In the old PM, getting the aviailable passes was a really nice approach. Because the schedule of pass runs was decided up-front, getting available analyses essentially said "whatever the pass pipeline looks like, use what is there". This is a great optimization and avoids lots of overly tight coupling between passes and their schedule. But the results were *extremely predictable* -- there would be exactly one set of analyses available for a pass in a given position in the pipeline. I see zero problems here, and the API we're discussing does indeed seem way, way better than manually building SimplifyQuery.

But in the new PM, we have a very different situation. Because passes are cached, the "available" thing is really subtle. It isn't static, it is dynamic. One module may have that analysis available, while a *very* subtly different module won't. You can even have action at a distance with this, where one function changes in the module, and on a completely unrelated function the analysis is no longer available. I see at least three issues with this:

  1. It will make it very hard to debug missed optimizations because it is much more complicated to reason about. For example, it will make bugpoint reduction of failures substantially harder as now you'll end up needing to preserve lots of very inexplicable things to get particular behaviors to occur
  2. If we ever want to add memory usage limiting functionality to the new PM (which everyone was expecting in the early days but hasn't been needed thus far), those memory saving clears of the cache *will change optimization power*.
  3. It may in rare cases hurt users where seemingly benign refactorings and changes cause the optimizer to improve and regress in ways they can't understand and don't expect.

Now, all I'm trying to say here is that getting available analyses in the new PM is substantially more risky than in the old PM. I'm not suggesting any particular API approach.
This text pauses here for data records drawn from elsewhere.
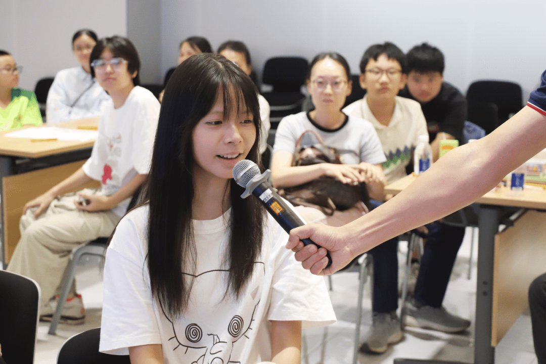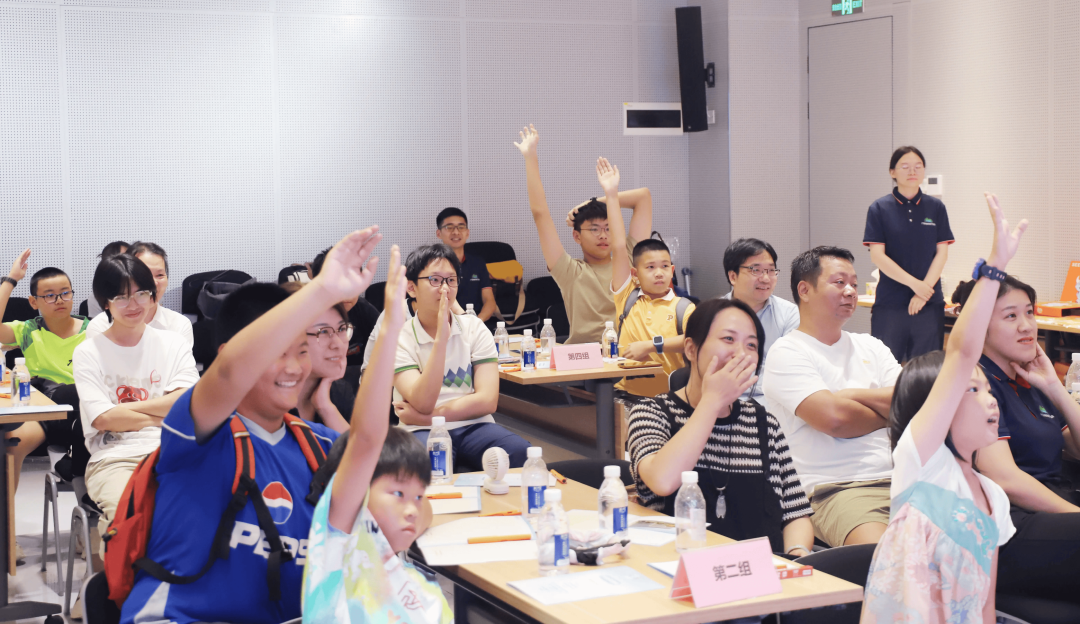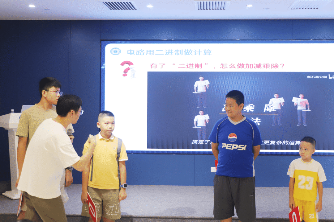 课中巧妙设计了二进制互动游戏与知识竞答环节,迅速点燃了现场的热情,同学们踊跃举手参与,此起彼伏的抢答声与欢笑声交织。
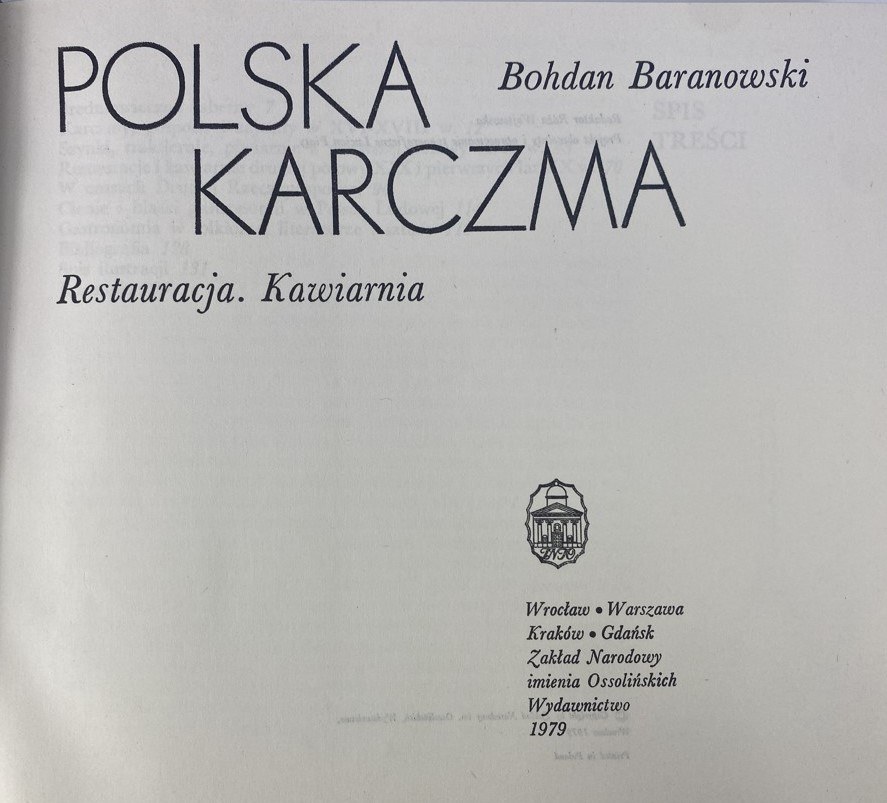Baranowski Bohdan, Polska karczma: restauracja, kawiarnia, Zakład Narodowy im. Ossolińskich, Wrocław [etc.] 1979, s. 136, [3], IV k. tabl. kolor., [100] s. tabl., wymiary 21,5 x 19 cm. Okładka płócienna z oryginalną obwolutą. Otarcia, niewielkie zabrudzenia obwoluty.
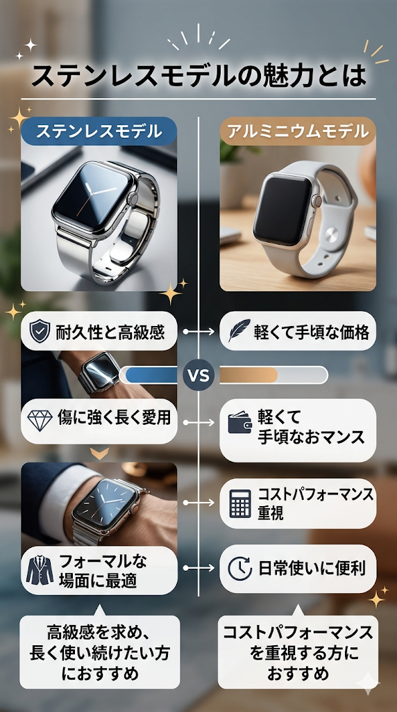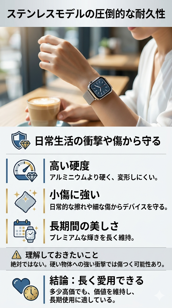 ステンレスモデルのアップルウォッチを選ぶ最大のメリットは、その耐久性と高級感です。
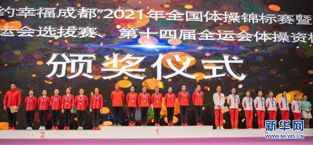 5月5日,廣東隊(duì)(中)、北京隊(duì)(左)、浙江隊(duì)在頒獎(jiǎng)儀式上。 當(dāng)日,2021年全國(guó)體操錦標(biāo)賽暨東京奧運(yùn)會(huì)選拔賽、第十四屆全運(yùn)會(huì)體操資格賽女子團(tuán)體賽在四川成都舉行。廣東隊(duì)、北京隊(duì)、浙江隊(duì)分別以222.428、216.061、214.695分的成績(jī)獲得女子團(tuán)體一、二、三名。 新華社記者 胥冰潔 攝
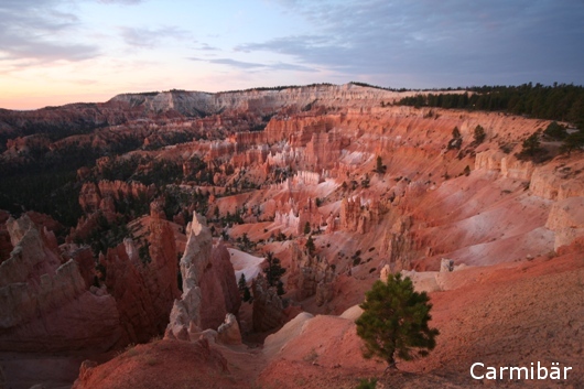 Dann sind wir noch zum Bryce Point gefahren um von dort noch ein paar Bilder zu machen. Wir wollten doch unser Wohnzimmerbild von vor drei Jahren gegen ein neues austauschen. Leider war das Licht nicht so toll, weil sich wieder einige Wolken vor die Sonne geschoben haben. Die tolle rote Farbe der Steine kam nicht wirklich zur Geltung. Wir haben hier sogar einen in kurzer Hose und T-Shirt getroffen. Carmen hat ja in ihrer langen Jeans und der Fleecejacke noch gefroren. Das war echt abartig. Und Badelatschen hatte der auch noch an. Das ist mir ja sogar zu kalt, dass ich ohne T-Shirt rumlaufen würde.
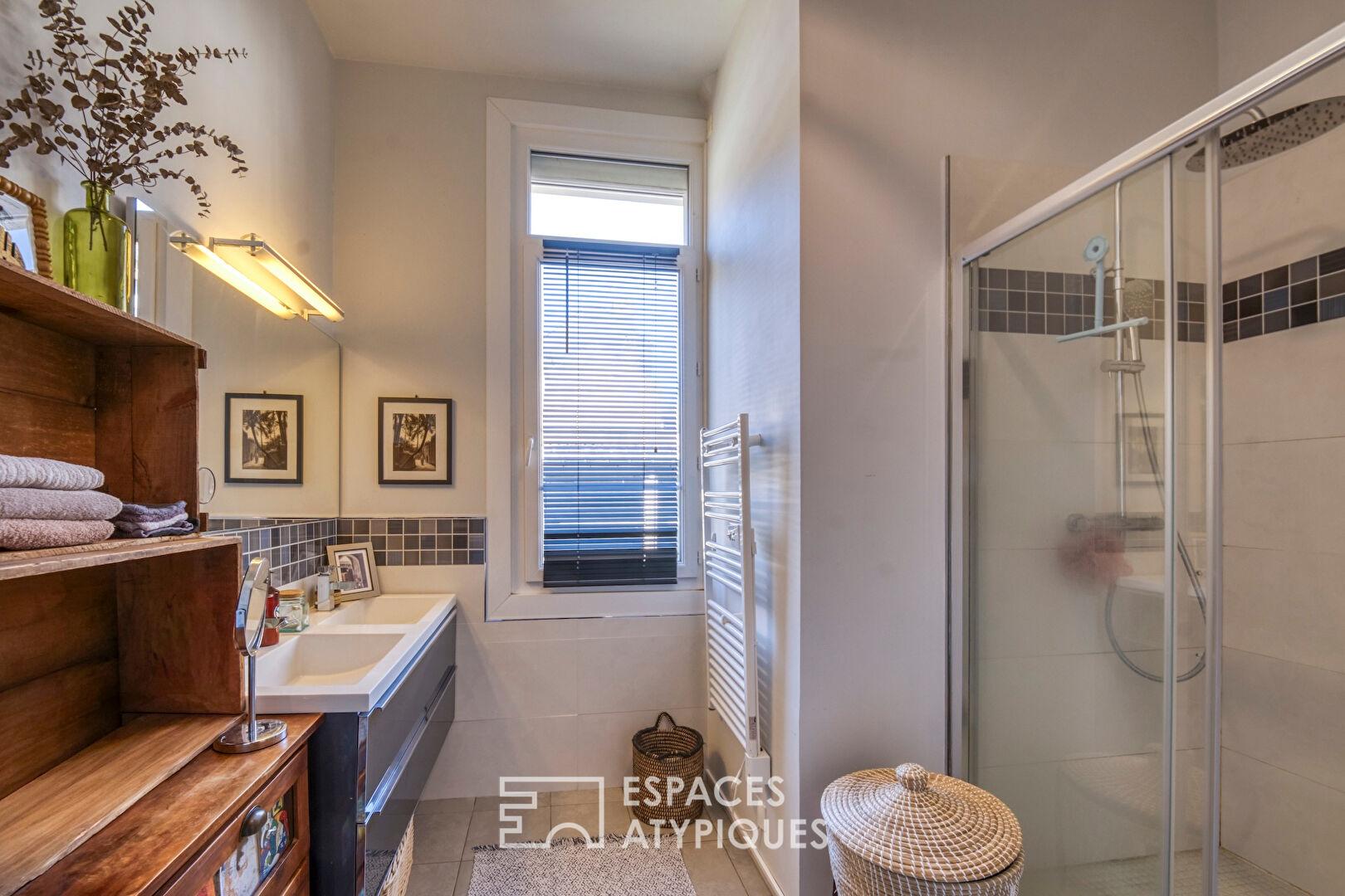 Côté nuit, trois petites chambres paisibles dont deux avec le lit en mezzanine se partagent une salle de douche contemporaine et un wc indépendant.

Just saying that in the new PM, especially with analyses being somewhat cheaper due to caching, we should be skewing much, much further towards requiring analyses rather than getting them if available.

That still could mean the raw SimplifyQuery API is bad, and that we need a better API. Totally on board with that. I'm just hoping that, to the extent possible, we can design APIs that actually require the analyses in the new PM rather than using whatever happens to be sitting in the cache.

And that also doesn't mean this patch isn't an incremental improvement over the prior state necessarily. I'm perfectly happy if we need to fix this in a follow-up. I just want people to be aware of and understand the risk and issues here.

chandlerc added inline comments.May 18 2018, 10:22 AM
lib/Transforms/Scalar/CorrelatedValuePropagation.cpp
760

And this makes it somewhat obvious that this patch is an incremental improvement -- it removes one dynamic aspect of this. So, this patch definitely LGTM, but I think we also want to think about what a better API for building SimplifyQuery looks like in the new PM world where we have more of these issues around cached analyses being unpredictable.

dmgreen updated this revision to Diff 147751.May 21 2018, 4:07 AM

Thanks for the info. I see the problem. I will commit this, to make it so this isn't crashing, and we can go from there.

I've changed the test here to be a new test in phi-common-val.ll that shows the error. No longer using the fact that add.ll happened to crash.

dmgreen closed this revision.May 21 2018, 4:17 AM

rL332836

I also forgot to mention I took a quick look and it appears that getBestSimplifyQuery is only used in two places, here in CVP and LoopRotate.

As LoopRotate is a loop pass, it will always have access to all the analyses via LoopStandardAnalysisResults.

I'm pretty sure that TLI, and AC are all so cheap we could just always require them in getBestSimplifyQuery (at least without paying any cost in getBestSimplifyQuery, I guess they could still cause more cost in InstructionSimplify). That would still leave what to do about DT.